▶ Brief
Transcribe every entry that follows, word for word, and omit the images.

▶ Provided material
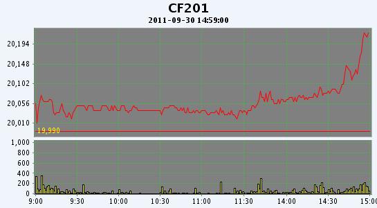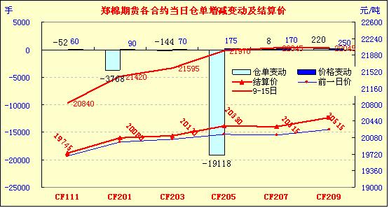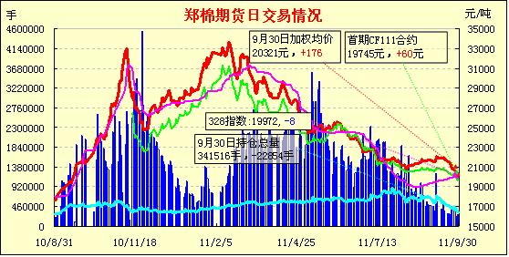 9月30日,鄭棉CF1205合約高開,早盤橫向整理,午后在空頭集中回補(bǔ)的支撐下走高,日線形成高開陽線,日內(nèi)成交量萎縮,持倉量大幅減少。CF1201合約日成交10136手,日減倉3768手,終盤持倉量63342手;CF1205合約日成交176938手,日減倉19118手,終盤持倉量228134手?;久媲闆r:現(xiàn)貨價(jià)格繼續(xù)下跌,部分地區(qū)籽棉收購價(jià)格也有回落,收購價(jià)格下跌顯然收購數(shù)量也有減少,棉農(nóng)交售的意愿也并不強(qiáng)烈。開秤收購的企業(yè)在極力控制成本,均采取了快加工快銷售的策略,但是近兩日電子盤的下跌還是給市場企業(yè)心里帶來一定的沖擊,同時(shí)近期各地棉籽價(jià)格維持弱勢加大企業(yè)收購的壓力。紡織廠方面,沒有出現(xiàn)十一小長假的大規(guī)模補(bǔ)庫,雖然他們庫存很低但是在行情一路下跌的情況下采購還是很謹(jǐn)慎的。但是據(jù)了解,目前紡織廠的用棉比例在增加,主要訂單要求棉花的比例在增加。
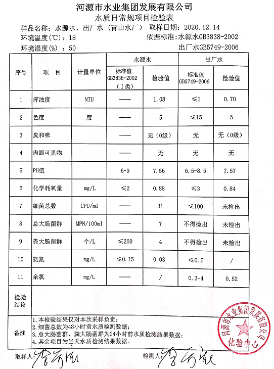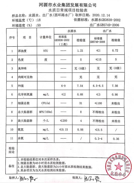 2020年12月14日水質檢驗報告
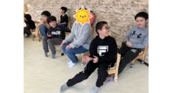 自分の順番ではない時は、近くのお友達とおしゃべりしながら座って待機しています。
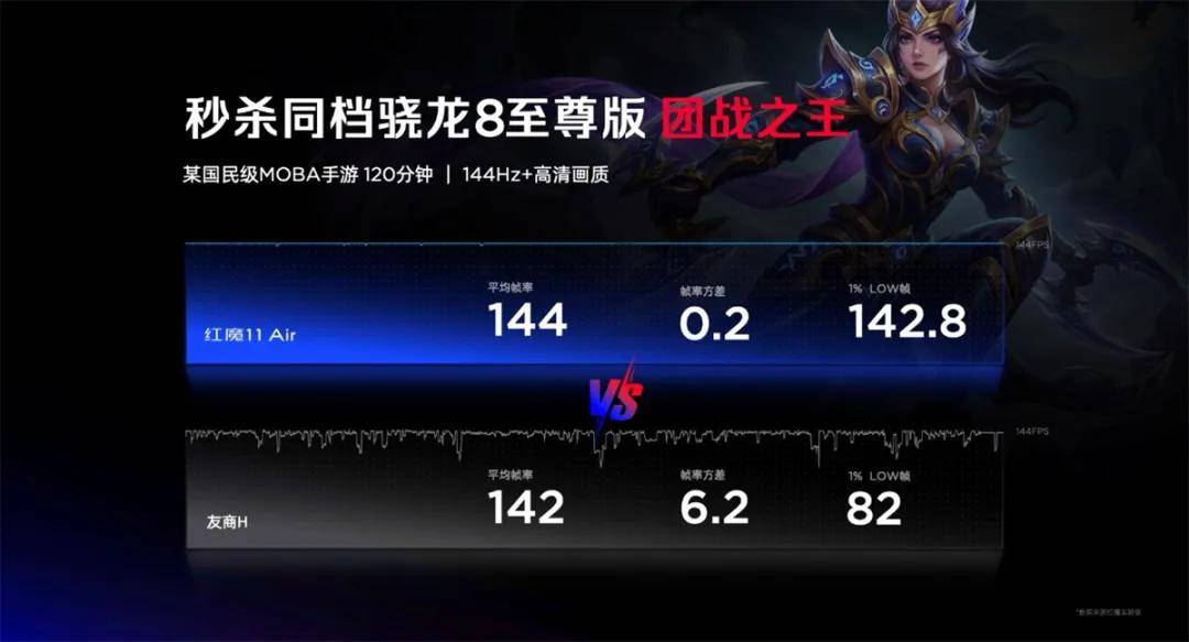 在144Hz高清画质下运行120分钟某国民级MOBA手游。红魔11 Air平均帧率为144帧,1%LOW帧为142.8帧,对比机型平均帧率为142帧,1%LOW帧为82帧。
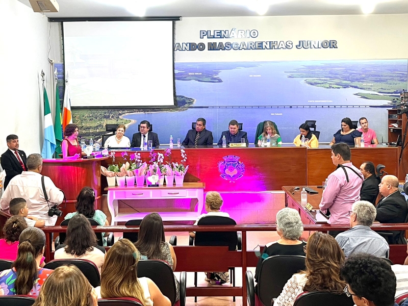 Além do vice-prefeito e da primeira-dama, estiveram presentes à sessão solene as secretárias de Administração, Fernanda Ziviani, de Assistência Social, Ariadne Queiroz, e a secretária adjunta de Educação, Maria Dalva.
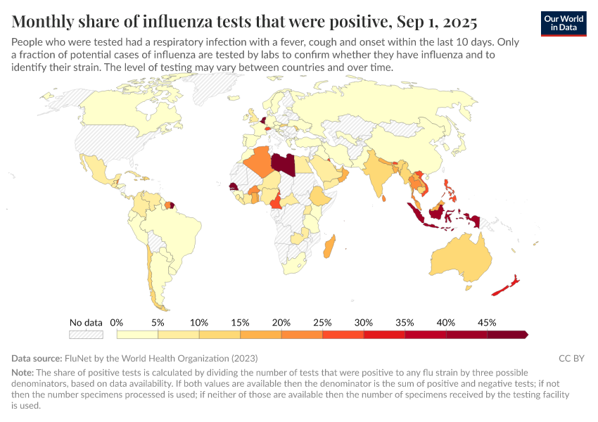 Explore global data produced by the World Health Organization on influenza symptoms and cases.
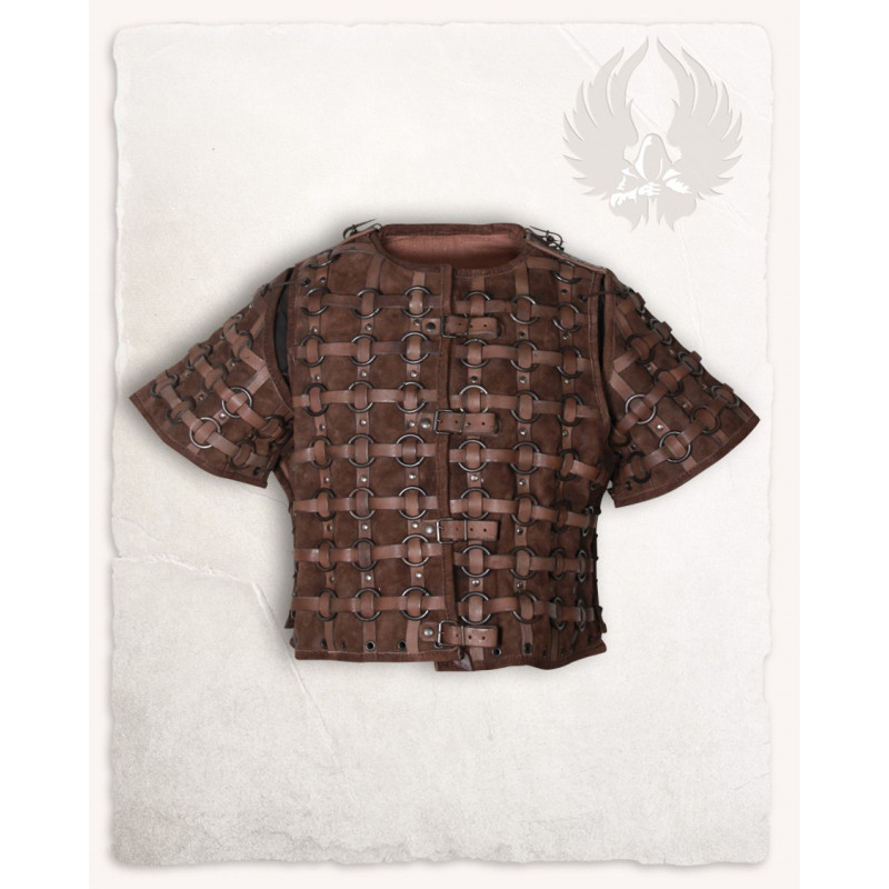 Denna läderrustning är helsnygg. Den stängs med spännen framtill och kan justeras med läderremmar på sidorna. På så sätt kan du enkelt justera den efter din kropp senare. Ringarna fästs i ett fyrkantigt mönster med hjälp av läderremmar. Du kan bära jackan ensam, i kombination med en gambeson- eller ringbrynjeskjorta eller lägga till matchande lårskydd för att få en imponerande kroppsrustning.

▶ Reply
 9月30日,鄭棉CF1205合約高開,早盤橫向整理,午后在空頭集中回補(bǔ)的支撐下走高,日線形成高開陽線,日內(nèi)成交量萎縮,持倉量大幅減少。CF1201合約日成交10136手,日減倉3768手,終盤持倉量63342手;CF1205合約日成交176938手,日減倉19118手,終盤持倉量228134手?;久媲闆r:現(xiàn)貨價(jià)格繼續(xù)下跌,部分地區(qū)籽棉收購價(jià)格也有回落,收購價(jià)格下跌顯然收購數(shù)量也有減少,棉農(nóng)交售的意愿也并不強(qiáng)烈。開秤收購的企業(yè)在極力控制成本,均采取了快加工快銷售的策略,但是近兩日電子盤的下跌還是給市場企業(yè)心里帶來一定的沖擊,同時(shí)近期各地棉籽價(jià)格維持弱勢加大企業(yè)收購的壓力。紡織廠方面,沒有出現(xiàn)十一小長假的大規(guī)模補(bǔ)庫,雖然他們庫存很低但是在行情一路下跌的情況下采購還是很謹(jǐn)慎的。但是據(jù)了解,目前紡織廠的用棉比例在增加,主要訂單要求棉花的比例在增加。
 2020年12月14日水質檢驗報告
 自分の順番ではない時は、近くのお友達とおしゃべりしながら座って待機しています。
 在144Hz高清画质下运行120分钟某国民级MOBA手游。红魔11 Air平均帧率为144帧,1%LOW帧为142.8帧,对比机型平均帧率为142帧,1%LOW帧为82帧。
 Além do vice-prefeito e da primeira-dama, estiveram presentes à sessão solene as secretárias de Administração, Fernanda Ziviani, de Assistência Social, Ariadne Queiroz, e a secretária adjunta de Educação, Maria Dalva.
 Explore global data produced by the World Health Organization on influenza symptoms and cases.
 Denna läderrustning är helsnygg. Den stängs med spännen framtill och kan justeras med läderremmar på sidorna. På så sätt kan du enkelt justera den efter din kropp senare. Ringarna fästs i ett fyrkantigt mönster med hjälp av läderremmar. Du kan bära jackan ensam, i kombination med en gambeson- eller ringbrynjeskjorta eller lägga till matchande lårskydd för att få en imponerande kroppsrustning.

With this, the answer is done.